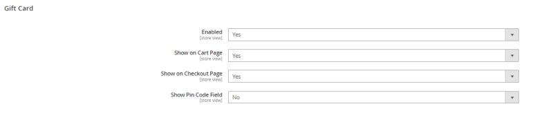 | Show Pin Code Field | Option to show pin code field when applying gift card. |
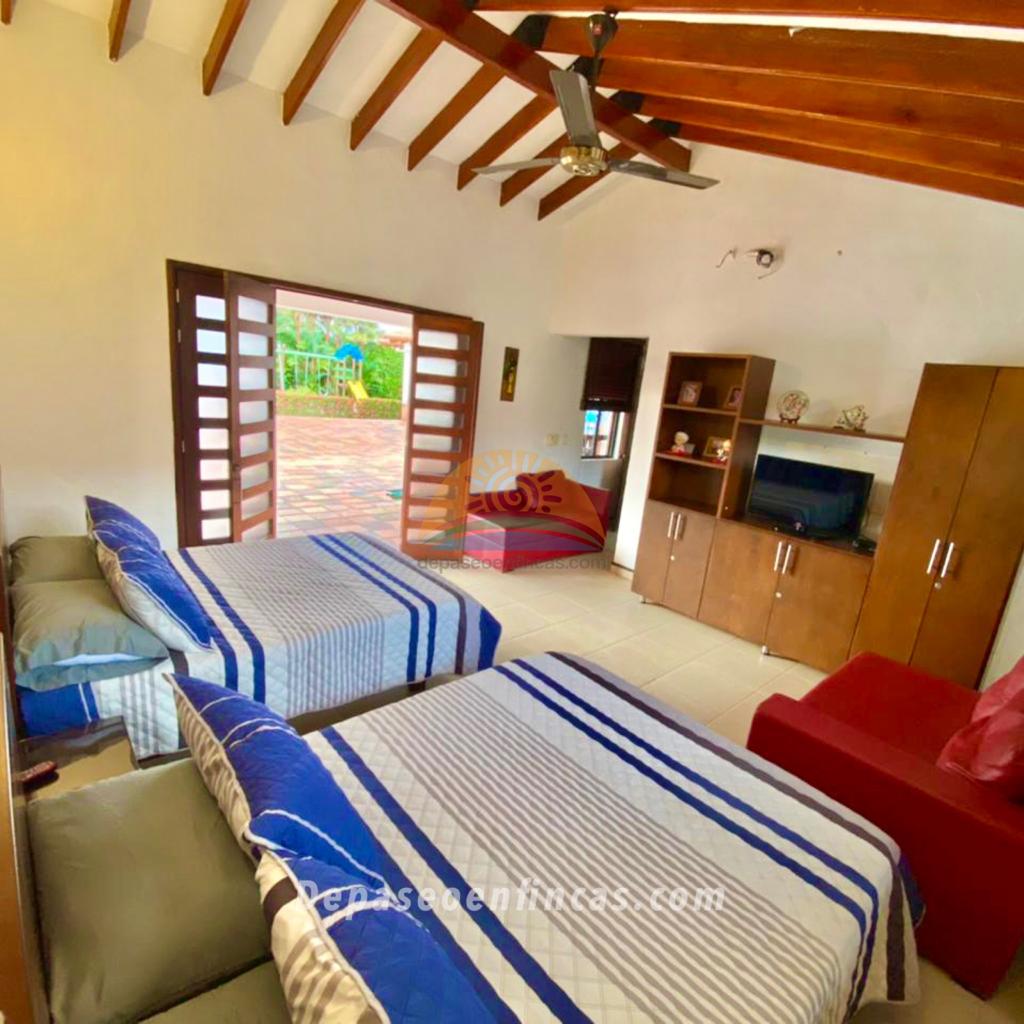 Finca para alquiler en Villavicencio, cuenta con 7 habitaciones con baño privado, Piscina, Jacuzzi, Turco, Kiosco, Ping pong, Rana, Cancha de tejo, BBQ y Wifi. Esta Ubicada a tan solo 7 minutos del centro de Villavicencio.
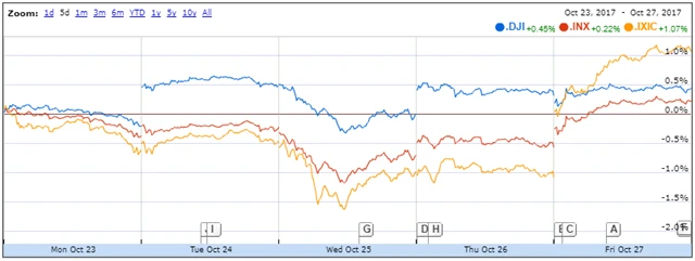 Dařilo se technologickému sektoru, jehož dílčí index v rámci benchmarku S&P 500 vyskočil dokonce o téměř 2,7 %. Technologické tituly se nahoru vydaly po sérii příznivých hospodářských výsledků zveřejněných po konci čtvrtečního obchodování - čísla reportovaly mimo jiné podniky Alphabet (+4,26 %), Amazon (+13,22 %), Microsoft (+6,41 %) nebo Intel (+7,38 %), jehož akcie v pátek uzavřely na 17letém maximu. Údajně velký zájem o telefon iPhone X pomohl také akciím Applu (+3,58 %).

* * * * *

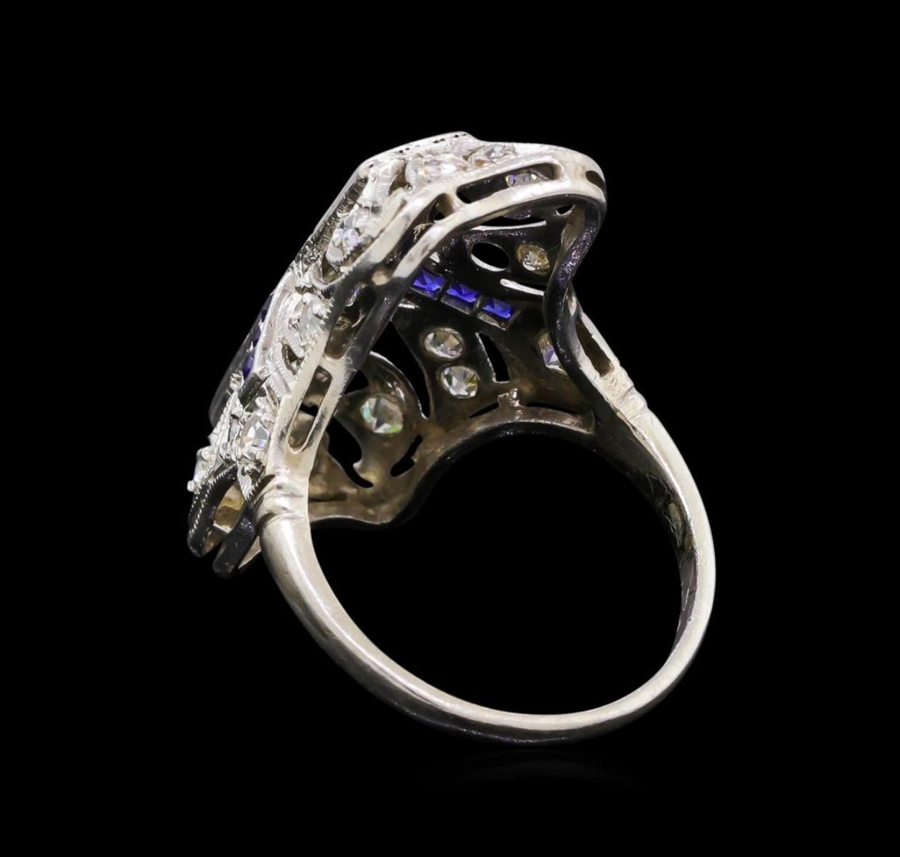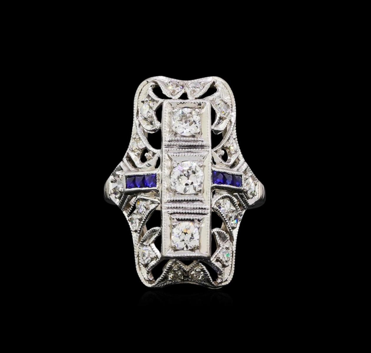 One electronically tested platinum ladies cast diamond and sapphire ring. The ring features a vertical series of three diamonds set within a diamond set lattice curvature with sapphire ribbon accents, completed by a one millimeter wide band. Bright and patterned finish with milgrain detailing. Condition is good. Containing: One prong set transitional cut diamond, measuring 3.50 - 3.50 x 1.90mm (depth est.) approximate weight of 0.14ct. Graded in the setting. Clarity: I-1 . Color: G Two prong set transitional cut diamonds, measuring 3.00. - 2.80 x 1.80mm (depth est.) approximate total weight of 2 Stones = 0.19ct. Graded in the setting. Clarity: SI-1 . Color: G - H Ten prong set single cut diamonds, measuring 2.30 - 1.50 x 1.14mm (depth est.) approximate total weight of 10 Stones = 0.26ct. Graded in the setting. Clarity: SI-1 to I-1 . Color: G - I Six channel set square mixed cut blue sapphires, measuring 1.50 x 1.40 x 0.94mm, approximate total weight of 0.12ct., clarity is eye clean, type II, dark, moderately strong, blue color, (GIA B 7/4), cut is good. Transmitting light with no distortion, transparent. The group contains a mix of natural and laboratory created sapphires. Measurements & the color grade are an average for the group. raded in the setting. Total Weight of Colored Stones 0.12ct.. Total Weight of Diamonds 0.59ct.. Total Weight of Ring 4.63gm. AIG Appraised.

* * * * *

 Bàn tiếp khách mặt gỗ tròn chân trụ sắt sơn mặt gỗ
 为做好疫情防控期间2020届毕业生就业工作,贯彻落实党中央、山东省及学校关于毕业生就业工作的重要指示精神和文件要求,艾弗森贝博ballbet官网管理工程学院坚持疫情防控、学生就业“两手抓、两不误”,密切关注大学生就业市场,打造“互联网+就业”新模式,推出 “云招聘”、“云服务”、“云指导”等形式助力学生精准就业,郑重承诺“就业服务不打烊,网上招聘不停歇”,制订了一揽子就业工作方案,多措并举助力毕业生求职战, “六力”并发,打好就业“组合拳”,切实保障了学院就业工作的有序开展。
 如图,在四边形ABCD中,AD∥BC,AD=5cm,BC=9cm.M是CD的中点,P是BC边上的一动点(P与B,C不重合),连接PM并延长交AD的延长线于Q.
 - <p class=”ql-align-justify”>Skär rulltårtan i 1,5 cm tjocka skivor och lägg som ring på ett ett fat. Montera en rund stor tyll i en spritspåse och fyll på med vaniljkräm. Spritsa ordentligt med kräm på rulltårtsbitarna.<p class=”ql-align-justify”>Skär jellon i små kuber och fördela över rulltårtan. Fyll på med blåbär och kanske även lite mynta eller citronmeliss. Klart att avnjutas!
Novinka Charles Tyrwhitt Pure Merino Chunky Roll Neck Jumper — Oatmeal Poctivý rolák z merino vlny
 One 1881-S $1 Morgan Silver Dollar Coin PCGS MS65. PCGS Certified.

* * * * *

▶ Problem to work on
Transcribe exactly the lines above, beginning at the one with "gift card. |" and going up to and including the one with "Finca para alquiler". Pictures do not belong in the copy.

▶ Response to the task
 | Show Pin Code Field | Option to show pin code field when applying gift card. |
 Finca para alquiler en Villavicencio, cuenta con 7 habitaciones con baño privado, Piscina, Jacuzzi, Turco, Kiosco, Ping pong, Rana, Cancha de tejo, BBQ y Wifi. Esta Ubicada a tan solo 7 minutos del centro de Villavicencio.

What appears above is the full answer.